Maximilian Schmidt fasste es treffend zusammen: „Das Problem ist nicht, dass die Menschen zu wenig leisten. Das Problem ist, dass Leistung oft zu wenig anerkannt wird.“ Dieser Satz löste spontanen Applaus aus.
Auch SPD-Pressesprecher Michael Gerke griff den Gedanken auf. Er erinnerte daran, dass die Diskussion nicht spalten, sondern verbinden solle: „Wir wollen zeigen, dass es nicht um Faulheit geht, sondern um faire Chancen und Respekt für alle, die arbeiten.“
Ein offenes Format, das ankommt
Besonders positiv fiel auf, wie offen und respektvoll die Diskussion geführt wurde. Niemand dominierte das Gespräch, und selbst kontroverse Meinungen wurden ruhig und sachlich ausgetauscht.

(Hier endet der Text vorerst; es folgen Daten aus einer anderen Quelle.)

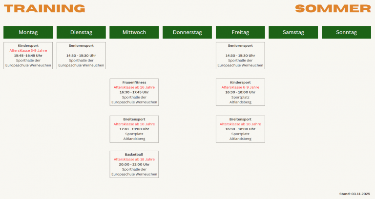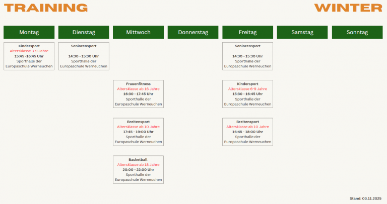Der Seniorensport findet in den Herbst- und Wintermonaten zweimal pro Woche jeweils in der Sporthalle der Europaschule statt.
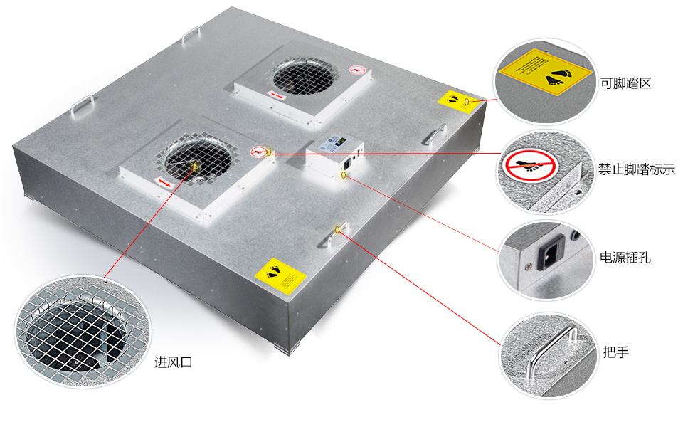 目前,各種FFU最多由以下幾部分組成(按從上到下、從內到外的順序),視不同廠家組成部分可能有所減少。
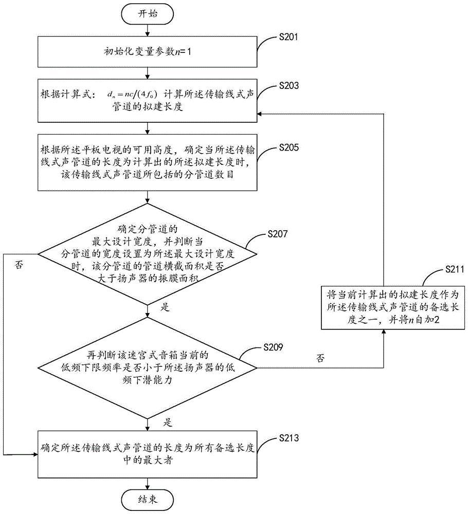 本发明实施例提供的迷宫式音箱的设计方法中,传输线式声管道的长度根据平板电视的尺寸参数及扬声器的共振频率共同计算确定。将该种迷宫式音箱的设计方法应用于平板电视,能够在不提升系统成本、不增加平板电视厚度及体积的情况下,有效改善平板电视的低频频响效果,为用户营造较为震撼的听音环境,提升用户听觉体验。
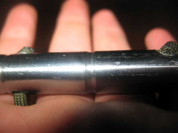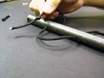 Obtener unos 6" de paracord destripada, un simple nudo en un extremo y del hilo de rosca aunque el lado avellanado del agujero. Ahora colócala en el otro orificio en el lado no avellanados. Mira las fotos para obtener ayuda. Finalmente, ajustar el paracord para que encaje perfectamente sobre el medio y los dedos anulares de la mano dominante retirar los dedos del lazo, apriete ligeramente y haga otro nudo simple. Tire el nudo en el agujero avellanado y listo.
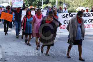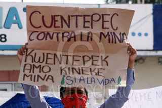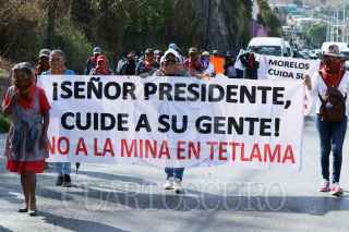 TEMIXCO, MORELOS, 10ENERO2022.- Indígenas de las comunidades de Cuentepec y Tetlama agrupados en la Unificación de Pueblos y Colonias contra la Minería en Morelos, junto con militantes del Congreso Nacional Indígena marcharon para exigir que el gobierno que encabeza Juana Ocampo Domínguez declare al municipio de Temixco, libre de concesiones mineras. La empresa minera canadiense Álamos Gold pretende operar en terrenos comunales una mina de oro y plata a tajo abierto. La minera ha proyectado explotar dos cerros, el Jumil y el Colotepec, los cuales están frente a la Zona Arqueológica de Xochicalco. Los opositores a las concesiones mineras en el estado advierten que de concretarse los planes de la Álamos Gold, mas de 200 mil personas serian afectadas directamente. FOTO: MARGARITO PÉREZ RETANA / CUARTOSCURO.COM
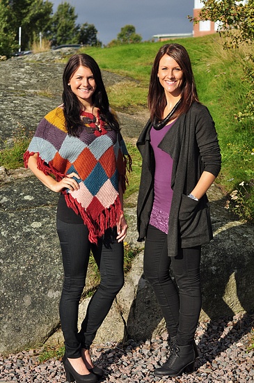 Fortfarande soligt väder här men som ni ser så är det en svart himmel bakom tjejerna så vi får väl se hur dagen blir här;P * Joline har på sig nya underbara ponchon som kommer i dag "clarie knit", "officiel"-linne under och sköna "geller"-byxorna. * Therese har på sig fina Vila-koftan "aska", "maxi my lace" som kommer i nya färger i dag och fina "funky highwaist".

Viele Teilnehmende lobten im Anschluss die Atmosphäre – engagiert, aber freundlich, informativ und nah an der Lebensrealität der Menschen.
Das Format, so war zu hören, solle künftig häufiger angeboten werden. „Wir haben gesehen, wie groß das Interesse ist, über Arbeit zu sprechen – aber eben nicht nur als wirtschaftliches Thema, sondern als Teil des Lebens“, sagte Julian Werner, Vorsitzender SPD Buchholz, zum Abschluss.
Fazit: Ein gelungener Abend mit Zukunftsfragen
Am Ende des Abends war klar: Diese Veranstaltung hat einen Nerv getroffen. Sie zeigte, dass die Themen Arbeit, Leistung und Lebensqualität untrennbar miteinander verbunden sind – und dass es sich lohnt, darüber gemeinsam zu reden.
Die SPD Buchholz hatte mit der Wahl des Themas und der Mischung aus Expertinnen, Praktikern und Bürgerinnen einen guten Ton getroffen. Die Gäste gingen mit vielen neuen Gedanken nach Hause: über gerechte Löhne, gesunde Arbeitszeiten, digitale Verantwortung und die Frage, wie Politik und Gesellschaft gemeinsam für faire Bedingungen sorgen können.
Ein Teilnehmer fasste es beim Hinausgehen so zusammen: „Ich habe heute mehr verstanden, warum sich so vieles verändert – und dass wir selbst mitreden müssen, wenn wir die Arbeitswelt besser machen wollen.“
So bleibt als Fazit ein Abend, der Mut machte – zum Mitdenken, Mitreden und Mitgestalten. Die Diskussion in der Galerie Sinnfall zeigte: Gute Arbeit ist keine Frage von Faulheit oder Fleiß, sondern von Respekt, Balance und gemeinsamer Verantwortung. Und genau das wurde an diesem Abend in Buchholz spürbar – engagiert, menschlich und voller Zuversicht.